George, agent territorial à la retraite, déjà dominé par le poids de l’âge aurait souhaité que le gouvernement ait une politique de soutien et d’accompagnement comme ce fut le cas avec les entreprises financièrement touchées par la pandémie.

« Il est vrai que les personnes de ma génération ( il est né en 1945 Ndlr) n’apporte plus grand-chose à la nation, mais pour avoir travaillé pendant 30 ans et vu que le virus s’attaque beaucoup plus à nous, le gouvernement aurait pu mettre en œuvre une politique pour plus de suivi de notre état sanitaire et une pension alimentaire pouvant nous permettre de mieux nous porter », a souhaité George.

Au ministère des affaires sociales et de la micro finances, les activités du département de ce ministère qui s’occupe des personnes du troisième âge n’ont malheureusement pas encore soulagé cette couche de la population en ce temps de pandémie. Même les quelques actions sporadiques de ce ministère en ce qui concerne la distribution des vivres aux populations vulnérables n’ont pas privilégié ces personnes qui sont au soir de leur vie sur terre.

Un manque d’attention de l’Etat qui inquiète Xavier qui ne comprend d’ailleurs pas une telle « indifférence » à leur égard alors même qu’ils sont les plus vulnérables dans cette crise sanitaire. « Même le fonds covid-19 alloué aux différentes communes ne prendra pas en compte les personnes âgées comme on l’aurait souhaité, vous verrez », affirme George avec pessimisme.

Effectivement, à la mairie de Sèmè-Podji, une localité située entre Cotonou et Porto-Novo, la capitale du Bénin, on nous renseigne que les artisans, les petites et moyennes entreprises et des secteurs durement touchés par la crise seront « naturellement privilégiés ». Signalons qu’au terme des répartitions, cette commune dispose de 69 millions 440 milles 955 francs CFA dans le cadre de ce fonds covid-19 aux communes du Bénin.

« La première mesure d’aide de l’Etat aux populations, c’est le décaissement de 74,12 milliards de franc CFA en faveur des entreprises formelles, des artisans et petits métiers. On pensait qu’une fois les fonds décentralisés, nous (personnes du 3ème âge Ndlr) serons mieux pris en compte, mais hélas », se désole pour sa part dame Assogba, veuve et mémé contrainte de lutter chaque jour contre « son diabète ».

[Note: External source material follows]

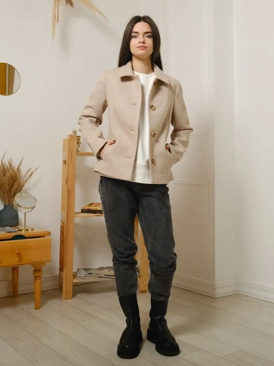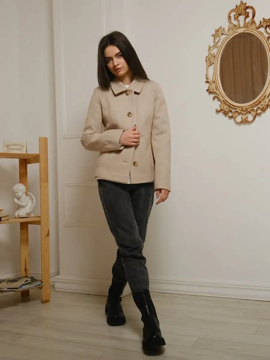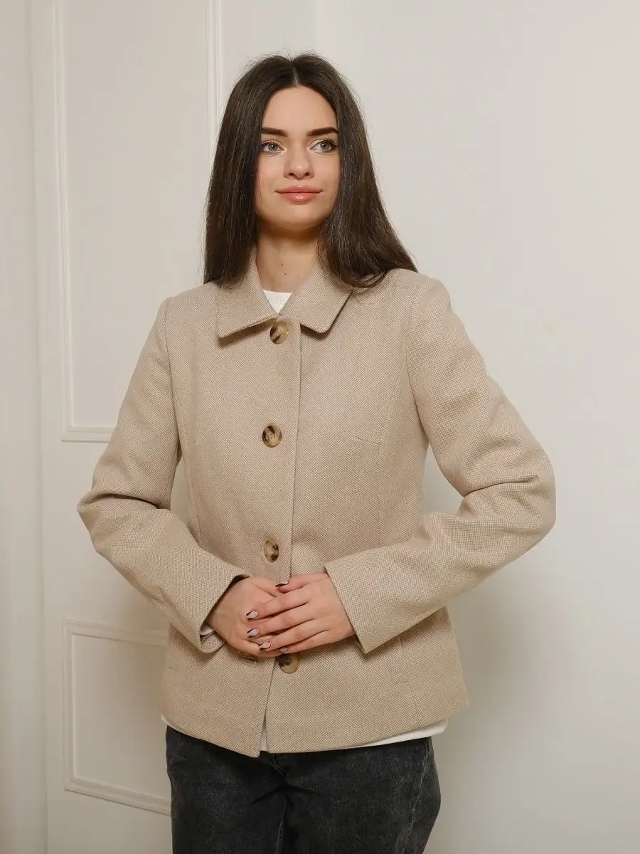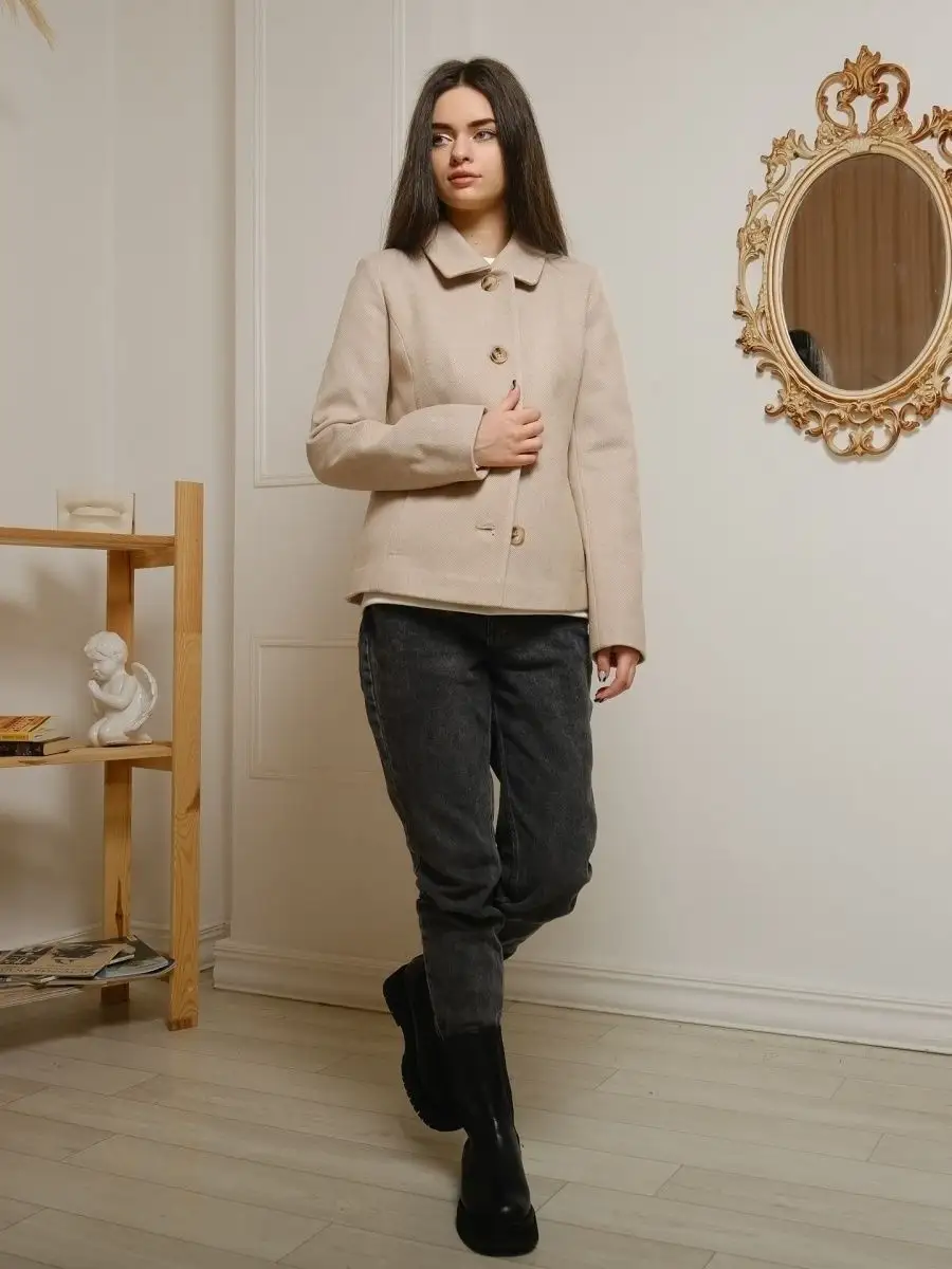 Описание: РЕКОМЕНДУЕМ брать НА РАЗМЕР БОЛЬШЕ своего. Демисезонное весеннее короткое однобортное пальто - жакет, драповое шерстяное укороченное пальто - пиджак. Модель "Злата". Посадка по фигуре, полуприлегающая. Материал верха - плотный драп премиального качества (шерсть 55%), подклад из поливискозы. Воротник отложной. Вертикальные прорезные карманы. Длина по спинке 60 см. Рукава прямые втачные. Сезон весна - осень. Ростовка рассчитана на рост 162-168 см. Комфортно при температуре от +15 до +5 градусов.

A la date du 14 septembre 2020, le Bénin a enregistré 2 280 cas confirmés de Covid-19, 1 950 cas guéris pour 40 décès. Même si le pays est peu touché jusqu’à cette date, le virus circule toujours et ces personnes si vulnérables constituent, selon les scientifiques, une proie facile pour le virus. « … Ces personnes du troisième âge méritent donc plus d’attention, de mesures et d’accompagnement », a déclaré Tedros Adhanom Ghebreyesus, directeur général de l’Organisation mondiale de la santé lors d’une de ses sorties en janvier 2020.